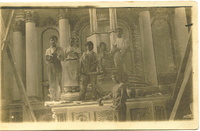 Hilario Alvarez y su equipo trabajan en el altar mayor del Santuario de Guadalupe de Sayula, Jalisco. -
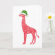 Giraffe en una tarjeta de Santa Hat
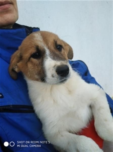 Die braunweiße Emma, etwa im September 2019 geboren, wurde zusammen mit ihrer Schwester Elsa gefunden… sie waren erst wenige Monate alt… mitten im Winter auf einem Weg zu einem Kloster, links und rechts nur Felder – das wäre schon bald ihr Tod gewesen.
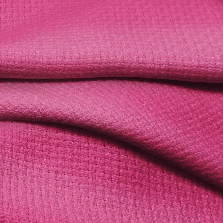 La tela base Tweed - Chanel, con una composición 100% poliéster, tiene un gramaje de 420 gr/m2 y un ancho de 150 cm. Su color liso impreso es el Rosa Bouganvilla, con una combinación de tintas Cyan: 15, Magenta: 84, Yellow: 27 y Black: 3, representado por el código CMYK 15 84 27 3. Este color secundario simboliza pasión, energía y creatividad, y se combina perfectamente con tonos neutros como el gris o el beige, y con tonos más cálidos como el amarillo o el naranja.
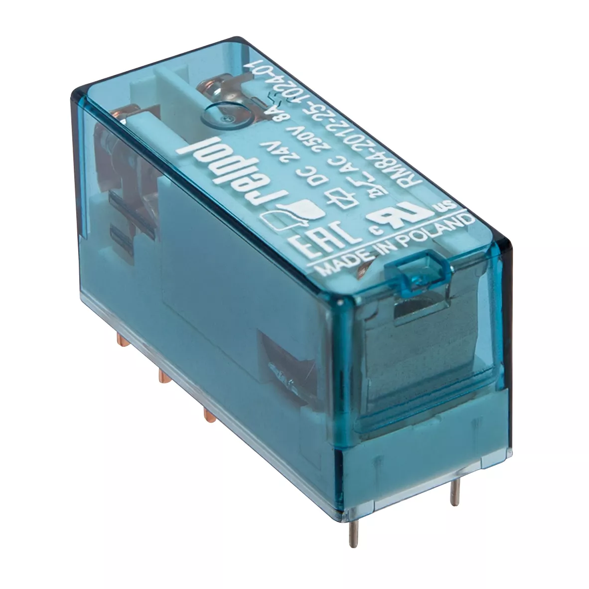 Przekaźnik elektromagnetyczny, miniaturowy w przeźroczystej obudowie (01), do obwodu drukowanego i gniazda wtykowego. Raster 5 mm. Wysokość 15,7 mm. Wyjście: 2P - dwa zestyki przełączne - wyprowadzenia: 11(7)-12(6)-14(8); 21(4)-22(3)-24(5); AC1 - 8 A / 250 V; DC1 - 8 A / 24 V. Wejście / cewka - wyprowadzenia: A1(1) - A2(2), napięcie zasilania Un - 12 V DC. Wymiary: 29 x 12,7 x 15,7 mm. Materiał styków: AgNi. IP 40. Opcje montażu gniazd: EC50, GD50, PW80 - do druku; GZP80 (push-in), GZ80, GZT80, GZM80, GZS80, GZF80 - montaż na szynie 35 mm lub przykręcane do płyty jedną śrubą M3.

WORK REQUIRED.
Drop the images and repeat the data exactly.

RESULT OF THIS EXERCISE.
 Hilario Alvarez y su equipo trabajan en el altar mayor del Santuario de Guadalupe de Sayula, Jalisco. -
 Giraffe en una tarjeta de Santa Hat
 Die braunweiße Emma, etwa im September 2019 geboren, wurde zusammen mit ihrer Schwester Elsa gefunden… sie waren erst wenige Monate alt… mitten im Winter auf einem Weg zu einem Kloster, links und rechts nur Felder – das wäre schon bald ihr Tod gewesen.
 La tela base Tweed - Chanel, con una composición 100% poliéster, tiene un gramaje de 420 gr/m2 y un ancho de 150 cm. Su color liso impreso es el Rosa Bouganvilla, con una combinación de tintas Cyan: 15, Magenta: 84, Yellow: 27 y Black: 3, representado por el código CMYK 15 84 27 3. Este color secundario simboliza pasión, energía y creatividad, y se combina perfectamente con tonos neutros como el gris o el beige, y con tonos más cálidos como el amarillo o el naranja.
 Przekaźnik elektromagnetyczny, miniaturowy w przeźroczystej obudowie (01), do obwodu drukowanego i gniazda wtykowego. Raster 5 mm. Wysokość 15,7 mm. Wyjście: 2P - dwa zestyki przełączne - wyprowadzenia: 11(7)-12(6)-14(8); 21(4)-22(3)-24(5); AC1 - 8 A / 250 V; DC1 - 8 A / 24 V. Wejście / cewka - wyprowadzenia: A1(1) - A2(2), napięcie zasilania Un - 12 V DC. Wymiary: 29 x 12,7 x 15,7 mm. Materiał styków: AgNi. IP 40. Opcje montażu gniazd: EC50, GD50, PW80 - do druku; GZP80 (push-in), GZ80, GZT80, GZM80, GZS80, GZF80 - montaż na szynie 35 mm lub przykręcane do płyty jedną śrubą M3.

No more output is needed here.